Let
- $(M,d)$ be a separable metric space
- $E$ be a $\mathbb R$-Banach space
- $\alpha\in(0,1]$
Moreover, let $$\left\|f\right\|_{C^{0+\alpha}(K,\:E)}:=\sup_{x\in K}\left\|f(x)\right\|_E+\sup_{\substack{x,\:y\:\in\:K\\x\:\ne\:y}}\frac{\left\|f(x)-f(y)\right\|_E}{{d(x,y)}^\alpha}\;\;\;\text{for }f:M\to E$$ for $K\subseteq M$ and $$C^{0+\alpha}(M,E):=\left\{f:M\to E\mid\left\|f\right\|_{C^{0+\alpha}(K,\:E)}<\infty\text{ for all compact }K\subseteq M\right\}$$ be equipped with the topology generated by $$\left\{\left\|\;\cdot\;\right\|_{C^{0+\alpha}(K,\:E)}:K\subseteq M\text{ is compact}\right\}.$$
I want to show that $$\mathcal B\left(C^{0+\alpha}(M,E)\right)=\left.{\mathcal B(E)}^{\otimes M}\right|_{C^{0+\alpha}(M,\:E)};$$ at least in the special case $M=\Lambda$ for an open subset $\Lambda\subseteq\mathbb R^n$, $n\in\mathbb N$.
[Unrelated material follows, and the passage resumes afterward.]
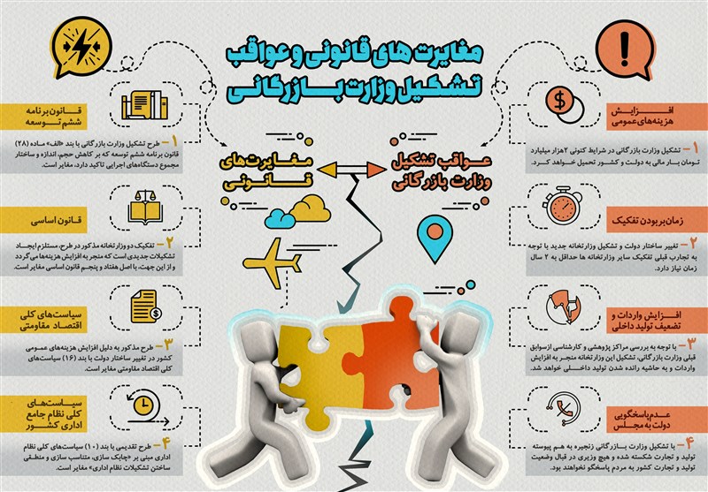 اینفوگراف/ مغایرتهای قانونی و عواقب تشکیل وزارت بازرگانی

The desired result is motivated by the following fact: If $M=[0,\infty)$ and $E=\mathbb R$, the space $\Omega:=C^0([0,\infty))$ of continuous functions from $[0,\infty)$ to $\mathbb R$, equipped with the topology of uniform convergence on compact subsets, is a Polish space. Let $$X_t:\Omega\to\mathbb R\;,\;\;\;\omega\mapsto\omega(t)$$ for $t\ge0$. Then we are able to show that $$\left.{\mathcal B(\mathbb R)}^{\otimes[0,\infty)}\right|_\Omega=\sigma(X_t,t\in[0,\infty))=\mathcal B(\Omega).$$
$^1$ Let $\mathcal B(X)$ denote the Borel $\sigma$-algebra on a topological space $X$. If $I$ is a nonempty set and $(\Omega_i\mathcal A_i)$ is a measurable space for all $i\in I$, let $\bigotimes_{i\in I}\mathcal A_i$ denote the product $\sigma$-algebra on $\prod_{i\in I}\Omega_i$. If $(\Omega_i\mathcal A_i)=(\Omega,\mathcal A)$ for all $i\in I$, write ${\mathcal A}^{\otimes I}$ instead of $\bigotimes_{i\in I}\mathcal A$. Moreover, for any measurable space $(\Omega,\mathcal A)$ and $A\subseteq\Omega$, let $\left.\mathcal A\right|_A$ denote the trace $\sigma$-algebra on $A$.